The count value sent by the latch circuit 6 is a value corresponding to the reciprocal of the moving speed of the recording / reproducing light transmitting lens. That is, the fact that the count value sent out by the latch circuit 6 is small means that the frequency in the track cross signal is high, which means that the moving speed of the recording / reproducing light transmitting lens is fast. Therefore, in such a case, since a large deceleration energy is required to stop the movement of the recording / reproducing light transmitting lens, the reciprocal number generating circuit 8 needs to send a large count value corresponding thereto. On the contrary, when the transmission count value of the latch circuit 6 is large, the reciprocal number generation circuit 8 must transmit a small count value. As described above, the reciprocal number generation circuit 8 outputs a value corresponding to the reciprocal number of the supplied count value, and therefore operates to satisfy the above-described operation. or,
The reciprocal number generation circuit 8 sends to the multiplexer 9 a value obtained by multiplying the reciprocal number of the count value sent from the latch circuit 6 by K at the transition point to the final tracking operation.
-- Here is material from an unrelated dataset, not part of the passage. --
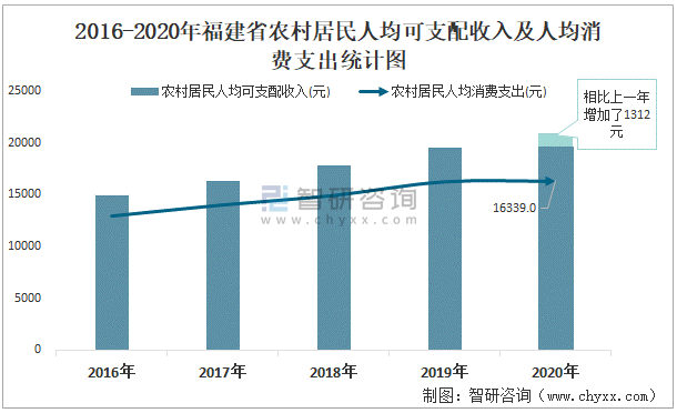 2015-2020年福建省農(nóng)村居民人均可支配收入及人均消費(fèi)支出統(tǒng)計(jì)圖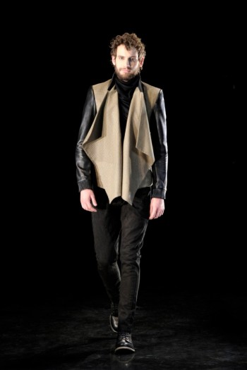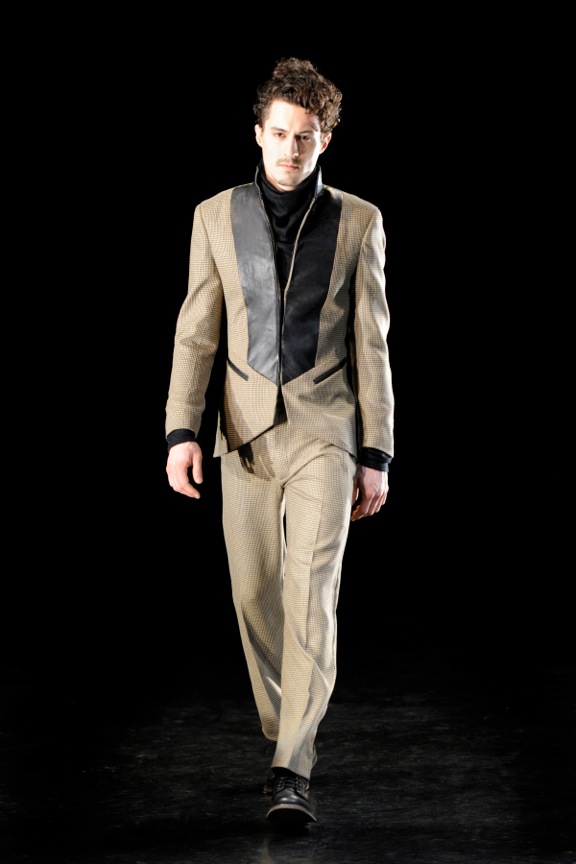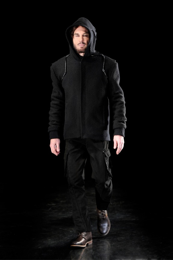 Tracking Style–Blending casual and formal styles, New York-based label Asher Levine turns to a perversion of skills, bats and houndstooth to dress their dark fall/winter 2013 collection. Playing with traditional silhouettes for a combination of slim lines and enlarged details, Levine elevated the showing to the next level, teaming up with Phone Halo for innovative pieces. Armed with Bluetooth technology for the collection’s premium pieces, select clothing and accessories were linked to smart phone tracking so that no luxe essential goes missing.

The output side of the multiplexer 9 converts the digital data sent from the multiplexer 9 into a voltage value composed of an analog signal which can be supplied to the lens moving device.
It is connected to the A converter 10, and the output side of the D / A converter 10 is connected to an amplifier and a moving coil (not shown) that constitute the lens moving device. When the control signal instructing the acceleration / deceleration operation is supplied from the control circuit 13, the multiplexer 9 selects the count value sent by the subtractor 7 and outputs the control signal instructing the final tracking operation. When supplied from the control circuit 13, the count value sent by the reciprocal number generation circuit 8 is selected, and one of the selected count values is sent to the D / A converter 10.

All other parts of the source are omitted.